Task statement:
Print, exactly as they stand, the lines below from the one that has "- STURDY STRUCTURE" to the one that has "湖北日报客户端讯(通讯员 瞿培林 邢安源", inclusive, leaving out the pictures.

Supplied records:
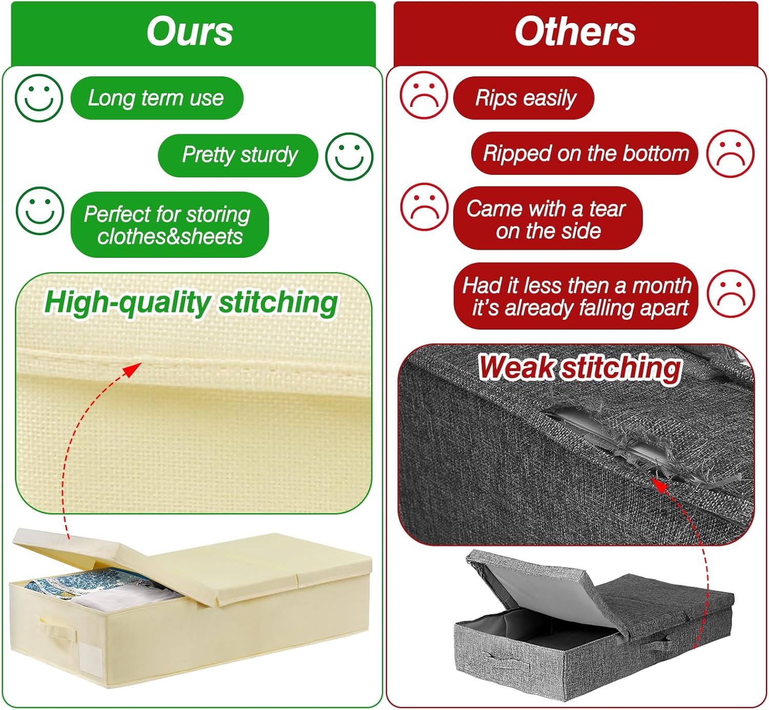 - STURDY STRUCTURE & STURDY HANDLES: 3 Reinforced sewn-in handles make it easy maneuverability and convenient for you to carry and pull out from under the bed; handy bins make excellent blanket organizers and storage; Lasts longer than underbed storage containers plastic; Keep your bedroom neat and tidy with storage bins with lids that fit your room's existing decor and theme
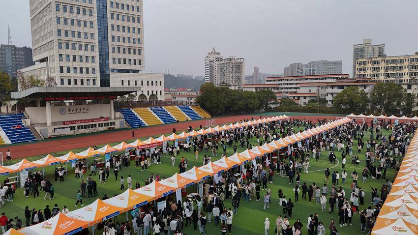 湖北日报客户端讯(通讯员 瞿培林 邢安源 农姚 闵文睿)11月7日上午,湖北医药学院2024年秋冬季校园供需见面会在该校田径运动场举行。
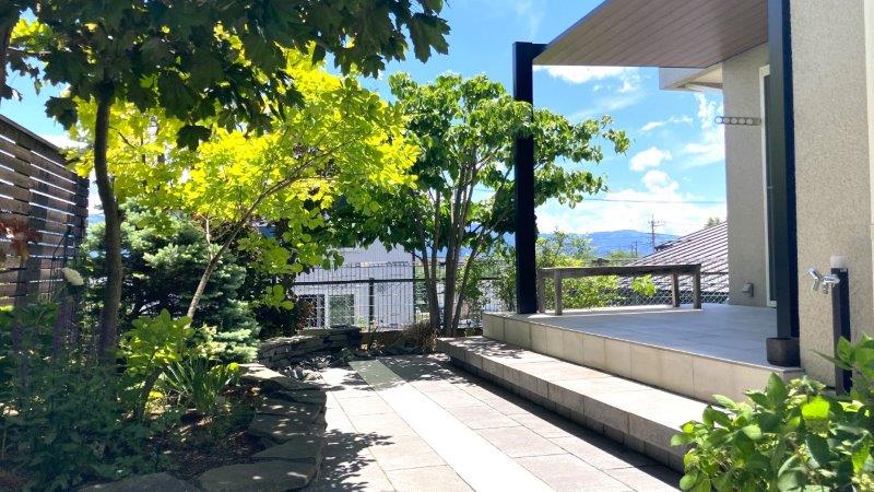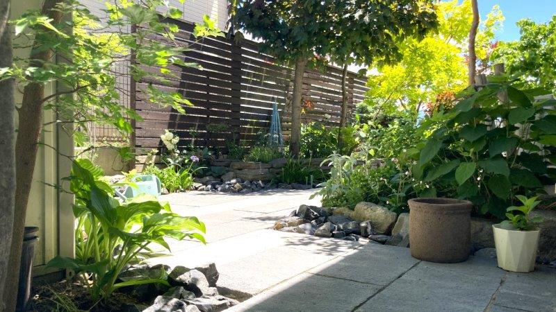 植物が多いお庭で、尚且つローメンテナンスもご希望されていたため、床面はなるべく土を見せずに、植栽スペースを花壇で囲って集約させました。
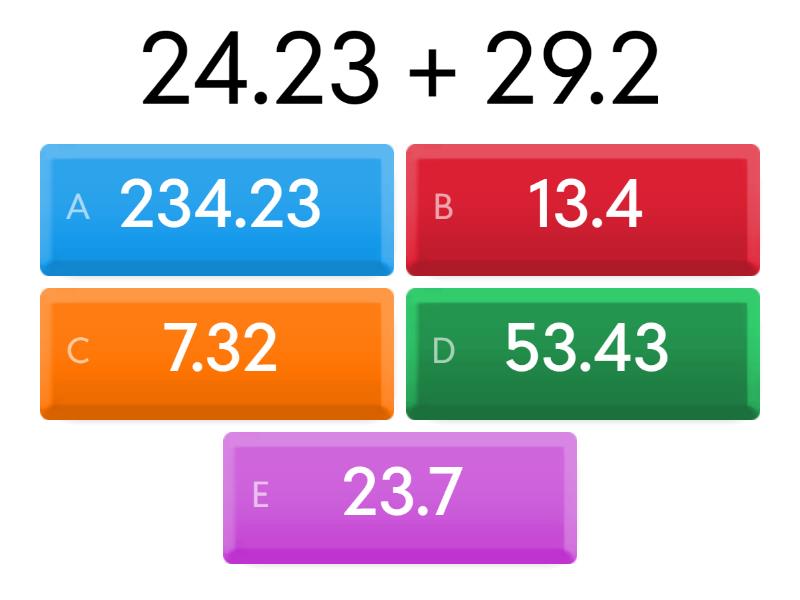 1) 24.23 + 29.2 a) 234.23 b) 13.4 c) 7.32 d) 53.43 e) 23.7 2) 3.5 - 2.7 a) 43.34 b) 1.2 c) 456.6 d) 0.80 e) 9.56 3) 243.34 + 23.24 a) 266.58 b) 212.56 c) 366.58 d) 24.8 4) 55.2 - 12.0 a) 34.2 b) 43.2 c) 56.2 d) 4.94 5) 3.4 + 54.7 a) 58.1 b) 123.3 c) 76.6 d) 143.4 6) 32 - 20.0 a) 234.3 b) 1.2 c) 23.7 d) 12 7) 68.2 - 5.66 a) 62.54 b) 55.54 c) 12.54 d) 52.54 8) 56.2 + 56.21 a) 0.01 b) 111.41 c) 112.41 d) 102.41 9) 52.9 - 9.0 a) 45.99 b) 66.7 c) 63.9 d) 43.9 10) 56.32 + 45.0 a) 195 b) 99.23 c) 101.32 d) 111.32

--

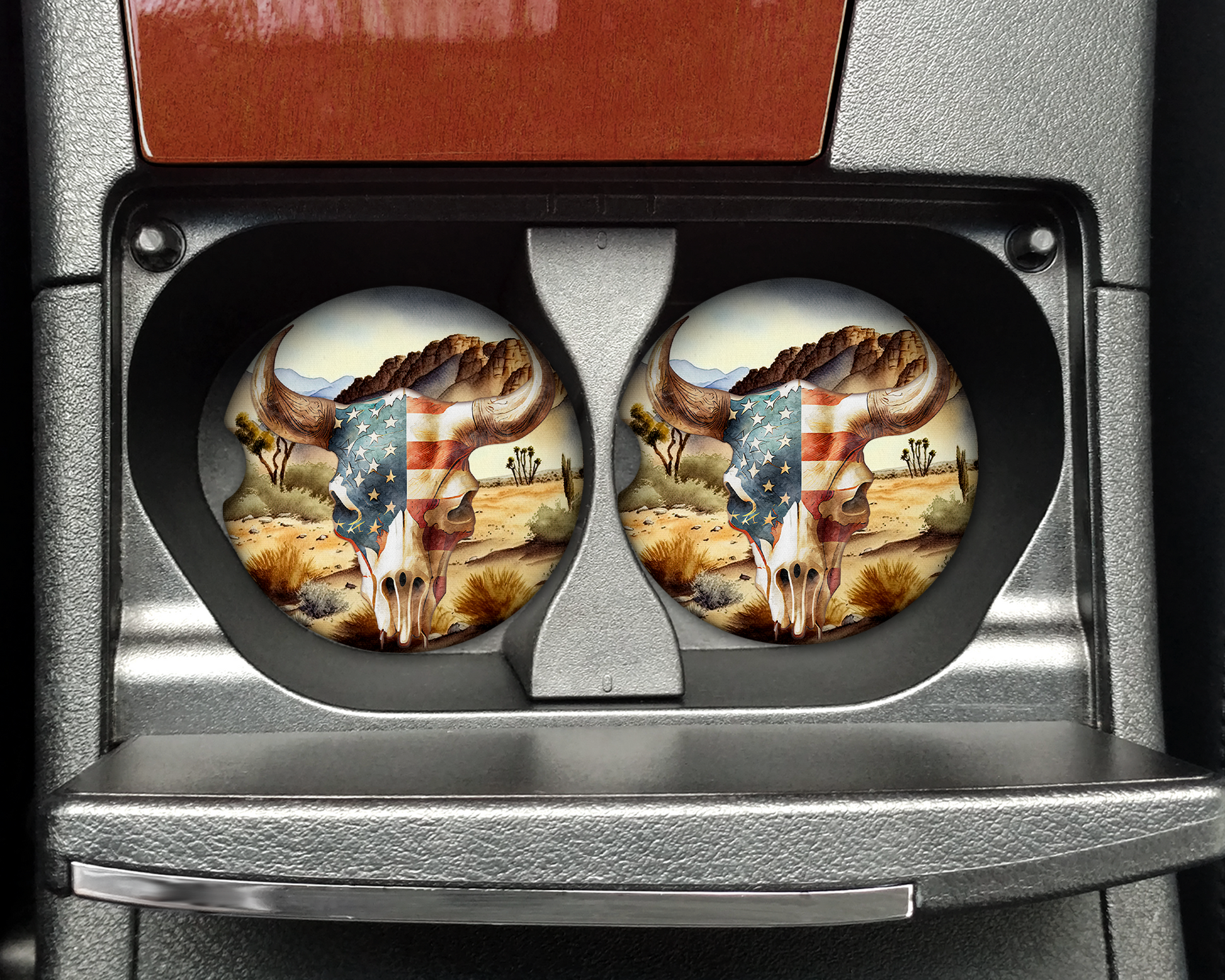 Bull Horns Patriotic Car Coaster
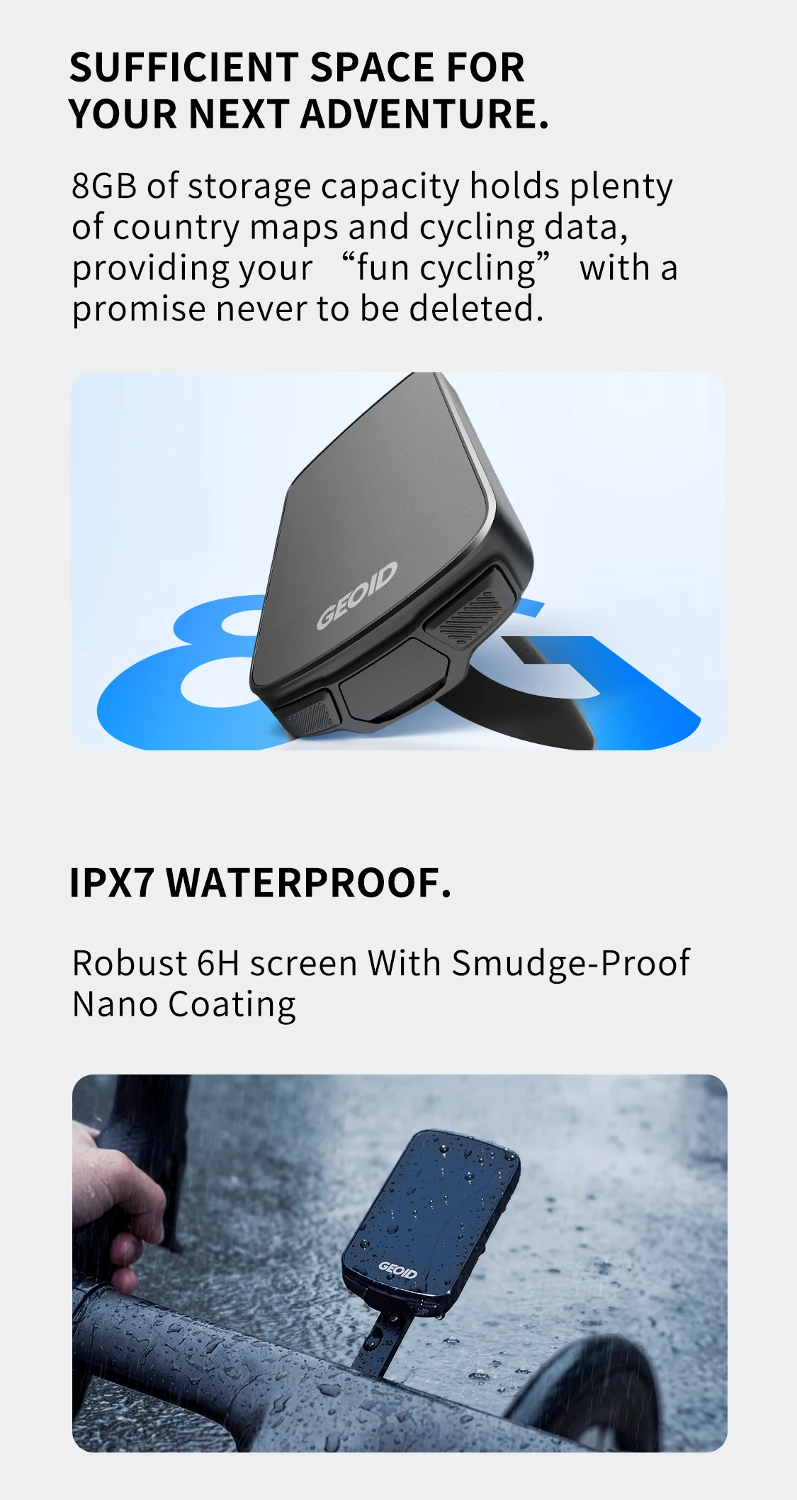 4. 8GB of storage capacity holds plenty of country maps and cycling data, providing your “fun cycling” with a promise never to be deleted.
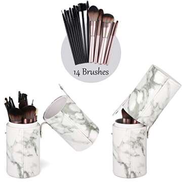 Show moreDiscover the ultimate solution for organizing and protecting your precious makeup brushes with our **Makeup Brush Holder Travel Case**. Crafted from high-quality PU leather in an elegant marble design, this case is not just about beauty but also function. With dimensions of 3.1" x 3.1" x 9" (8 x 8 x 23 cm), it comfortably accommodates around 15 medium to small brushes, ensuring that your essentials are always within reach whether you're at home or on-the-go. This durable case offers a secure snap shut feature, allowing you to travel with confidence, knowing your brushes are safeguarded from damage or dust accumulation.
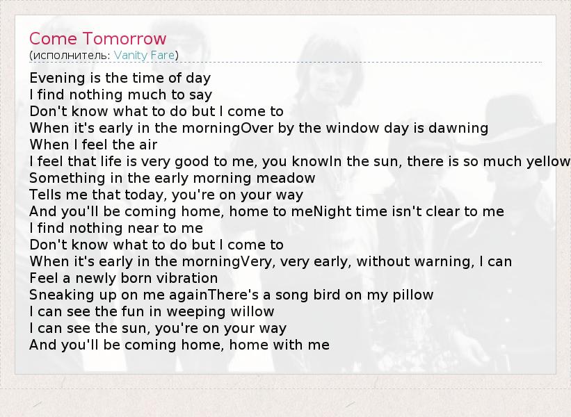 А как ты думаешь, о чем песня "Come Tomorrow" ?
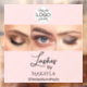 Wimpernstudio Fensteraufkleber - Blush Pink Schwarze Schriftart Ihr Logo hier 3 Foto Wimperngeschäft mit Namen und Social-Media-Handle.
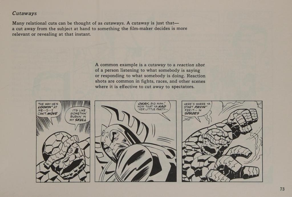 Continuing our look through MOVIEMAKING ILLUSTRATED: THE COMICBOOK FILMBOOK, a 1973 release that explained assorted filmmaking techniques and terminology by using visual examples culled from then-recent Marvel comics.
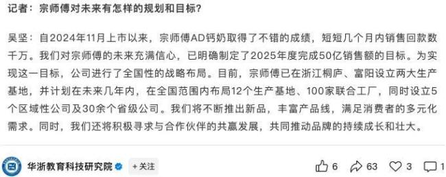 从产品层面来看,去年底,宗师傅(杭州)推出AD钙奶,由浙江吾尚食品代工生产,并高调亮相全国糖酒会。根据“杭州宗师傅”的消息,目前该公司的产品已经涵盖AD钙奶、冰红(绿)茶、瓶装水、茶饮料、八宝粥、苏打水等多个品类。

Answer below:
 - STURDY STRUCTURE & STURDY HANDLES: 3 Reinforced sewn-in handles make it easy maneuverability and convenient for you to carry and pull out from under the bed; handy bins make excellent blanket organizers and storage; Lasts longer than underbed storage containers plastic; Keep your bedroom neat and tidy with storage bins with lids that fit your room's existing decor and theme
 湖北日报客户端讯(通讯员 瞿培林 邢安源 农姚 闵文睿)11月7日上午,湖北医药学院2024年秋冬季校园供需见面会在该校田径运动场举行。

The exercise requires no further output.